USB reset fails when using a LimeSDR Mini on FreeBSD

Hans Petter Selasky hps at selasky.org
Fri Jul 3 08:10:48 UTC 2020


Hi Jan,

On 2020-07-03 09:51, Jan Behrens wrote:
>>
>> Yes, and we have one or two firmware loading utilities in base still
>> using them.
> 
> Except that /dev/usb/X.Y.0 (which is linked by /dev/ugenX.Y) controls
> access rights to the device through libusb, right?

Yes, that is correct.

>>
>> Yes, but opening /dev/ugenX.Y doesn't mean that kernel device drivers
>> are detached from this device.
> 
> Can/does a kernel device driver restrict what a user can do with the
> device when the kernel driver is active? Or does access to the device
> always enable a user to mess up things badly?

The kernel device driver can not restrict what the user-space driver can 
do.

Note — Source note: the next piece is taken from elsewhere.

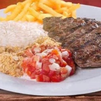 Arroz, Feijão, Farofa, Vinagrete e Contra Filé grelhado c/ fritas - feito na brasa

Yes, user-space can mess up the device totally.

>>
>> User-space drivers are requested to create a uniq PID file, to avoid
>> clashes with multiple drivers on the same interface and may use
>> libusb_claim_interface() to tell the kernel to detach any drivers on
>> that specific interface.
> 
> If the kernel refuses to give up control, is the user-space program
> denied access? If yes, I can generally understand why you don't want a
> USB reset to be initiated by a user-space program (at least as long
> there are kernel drivers attached).
The FreeBSD USB stack has no concept of exclusive access to USB 
endpoints. Simply if both kernel and user-space attach to the same 
device, user-space will receive half of the USB packets and the kernel 
the other half.

>> If you for example load the LimeSDR two times for the same ugenX.Y
>> device, then the interface communication might stop working, even though
>> no error is reported.
> 
> Thus the lock of user-space drivers is only advisory and not enforced?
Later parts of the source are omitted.